» **Task instructions**
Every record below should be repeated exactly. Omit the pictures.

━━ Data shown

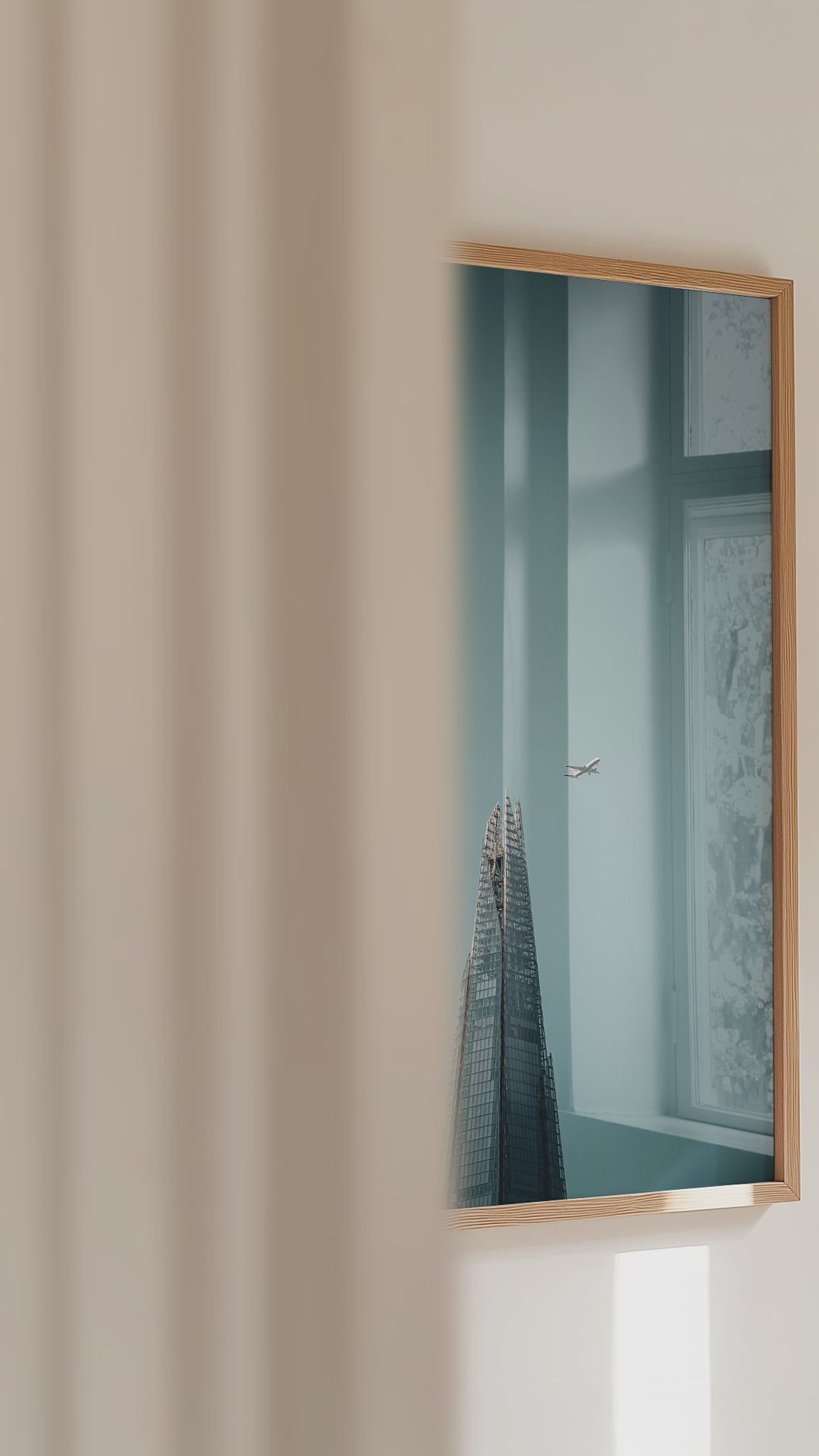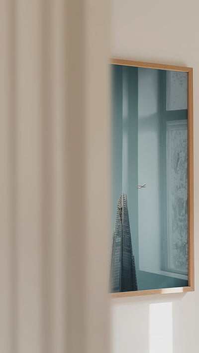 London’s Shard framed by a passing plane. Clean lines and muted tones create a minimalist composition that brings a sense of balance and quiet detail to the wall. Works well as a standalone piece or as part of a gallery wall.
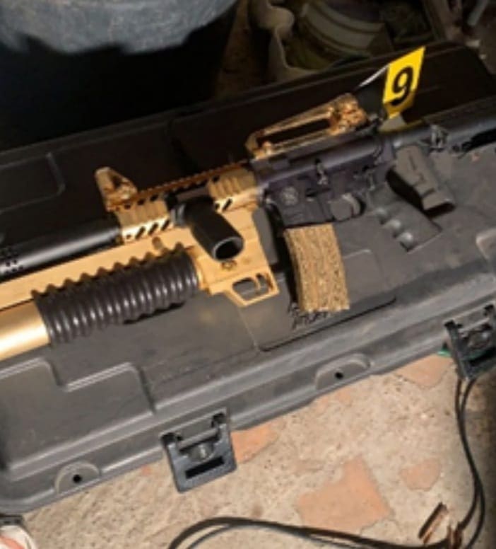 En el segundo domicilio, ubicado en la colonia Revolución, de Guadalajara, Jalisco, se logró la detención de José “H”, a quien se le aseguró un lanza granadas, tres armas cortas, 106 cartuchos de diferentes calibres, cinco cargadores, nueve teléfonos celulares, dos memorias USB, dos laptop, diversa documentación y un vehículo.
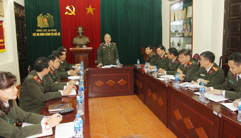 Thiếu tướng Lê Vân, Cục trưởng Cục An ninh chính trị nội bộ cùng lãnh đạo, CBCS triển khai phương án đảm bảo an ninh.
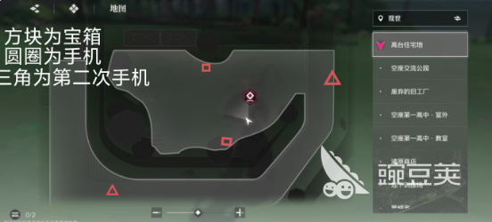 在高臺(tái)住宅地,玩家就需要注意建筑的角落,這里有一些代表寶箱的方塊標(biāo)記,還有一些代表手機(jī)的圓圈印記。目前顯示完成度是0/2,玩家就需要去仔細(xì)的搜索??兆鹘涣鞴珗@這邊就會(huì)有眾多的開(kāi)闊地區(qū),一般寶箱很可能就在長(zhǎng)椅的邊上或者是樹(shù)叢的背后,就需要保持耐心尋找。廢棄的舊工廠(chǎng)內(nèi)部結(jié)構(gòu)比較復(fù)雜,機(jī)器設(shè)備之間就很容易藏東西,玩家就需要重點(diǎn)的排查機(jī)器的縫隙。第一高中室外的操場(chǎng),還有教學(xué)門(mén)口都是關(guān)鍵的區(qū)域,另外別忘記講臺(tái)的附近。
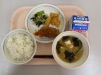 10月22日(水)の給食は、ごはん、牛乳、いかのかりん揚げ、ほうれん草のごま...
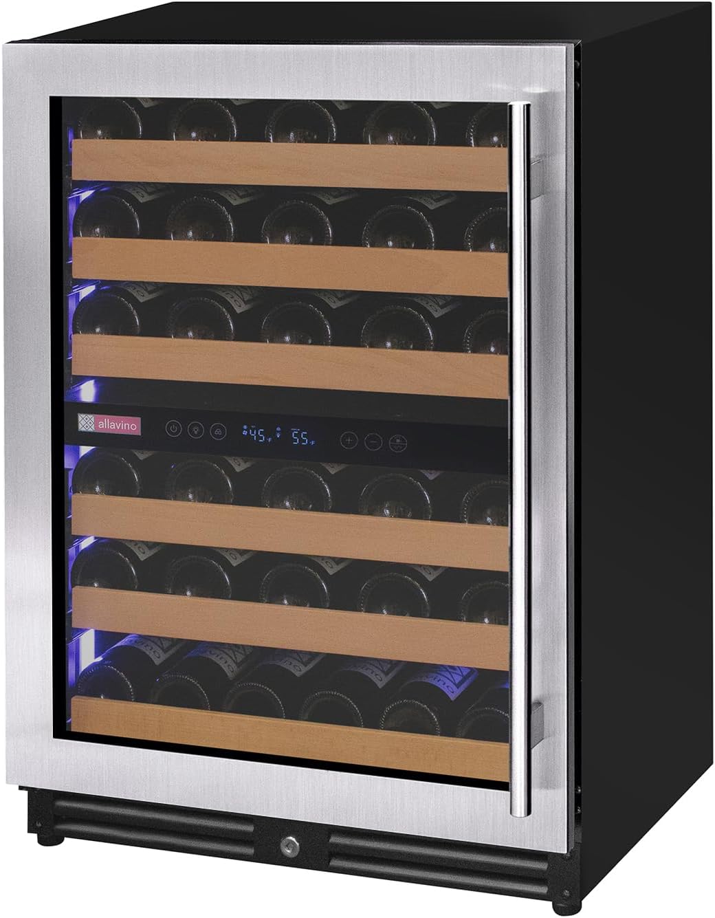 Allavino 56 Bottle Dual Zone Left Hinge Stainless Steel Wine Refrigerator
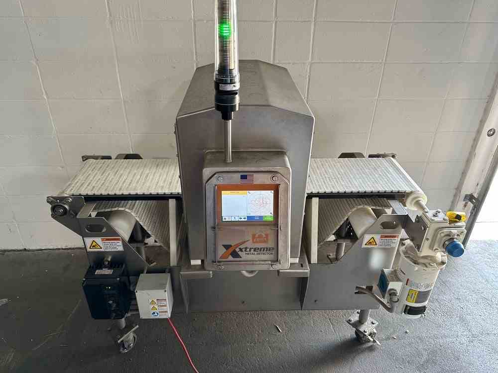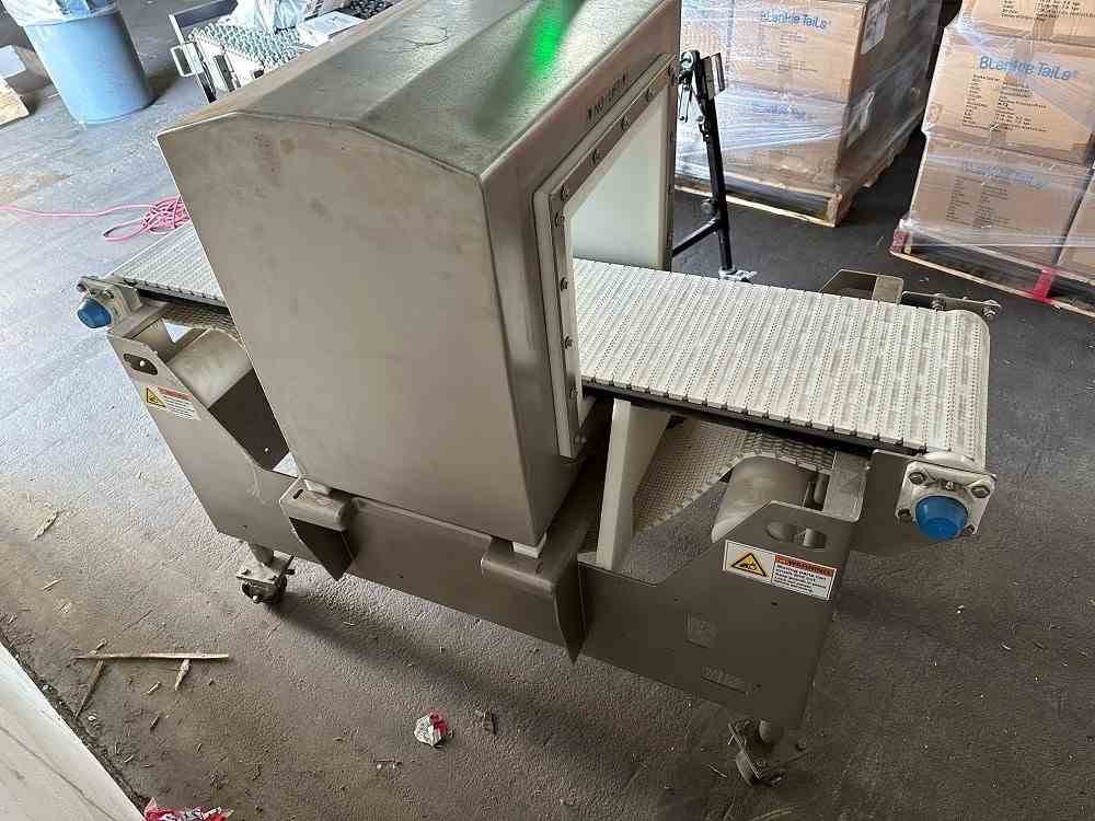 Used Eriez X7 Xtreme Metal Detector with Conveyor. X7 Tunnel 14"W x 12"H with 60" x 12" Conveyor (L to R travel). Stop Belt reject. 304 SS. Viewing HMI. on casters.

━━━━

» **Expected answer**
 London’s Shard framed by a passing plane. Clean lines and muted tones create a minimalist composition that brings a sense of balance and quiet detail to the wall. Works well as a standalone piece or as part of a gallery wall.
 En el segundo domicilio, ubicado en la colonia Revolución, de Guadalajara, Jalisco, se logró la detención de José “H”, a quien se le aseguró un lanza granadas, tres armas cortas, 106 cartuchos de diferentes calibres, cinco cargadores, nueve teléfonos celulares, dos memorias USB, dos laptop, diversa documentación y un vehículo.
 Thiếu tướng Lê Vân, Cục trưởng Cục An ninh chính trị nội bộ cùng lãnh đạo, CBCS triển khai phương án đảm bảo an ninh.
 在高臺(tái)住宅地,玩家就需要注意建筑的角落,這里有一些代表寶箱的方塊標(biāo)記,還有一些代表手機(jī)的圓圈印記。目前顯示完成度是0/2,玩家就需要去仔細(xì)的搜索??兆鹘涣鞴珗@這邊就會(huì)有眾多的開(kāi)闊地區(qū),一般寶箱很可能就在長(zhǎng)椅的邊上或者是樹(shù)叢的背后,就需要保持耐心尋找。廢棄的舊工廠(chǎng)內(nèi)部結(jié)構(gòu)比較復(fù)雜,機(jī)器設(shè)備之間就很容易藏東西,玩家就需要重點(diǎn)的排查機(jī)器的縫隙。第一高中室外的操場(chǎng),還有教學(xué)門(mén)口都是關(guān)鍵的區(qū)域,另外別忘記講臺(tái)的附近。
 10月22日(水)の給食は、ごはん、牛乳、いかのかりん揚げ、ほうれん草のごま...
 Allavino 56 Bottle Dual Zone Left Hinge Stainless Steel Wine Refrigerator
 Used Eriez X7 Xtreme Metal Detector with Conveyor. X7 Tunnel 14"W x 12"H with 60" x 12" Conveyor (L to R travel). Stop Belt reject. 304 SS. Viewing HMI. on casters.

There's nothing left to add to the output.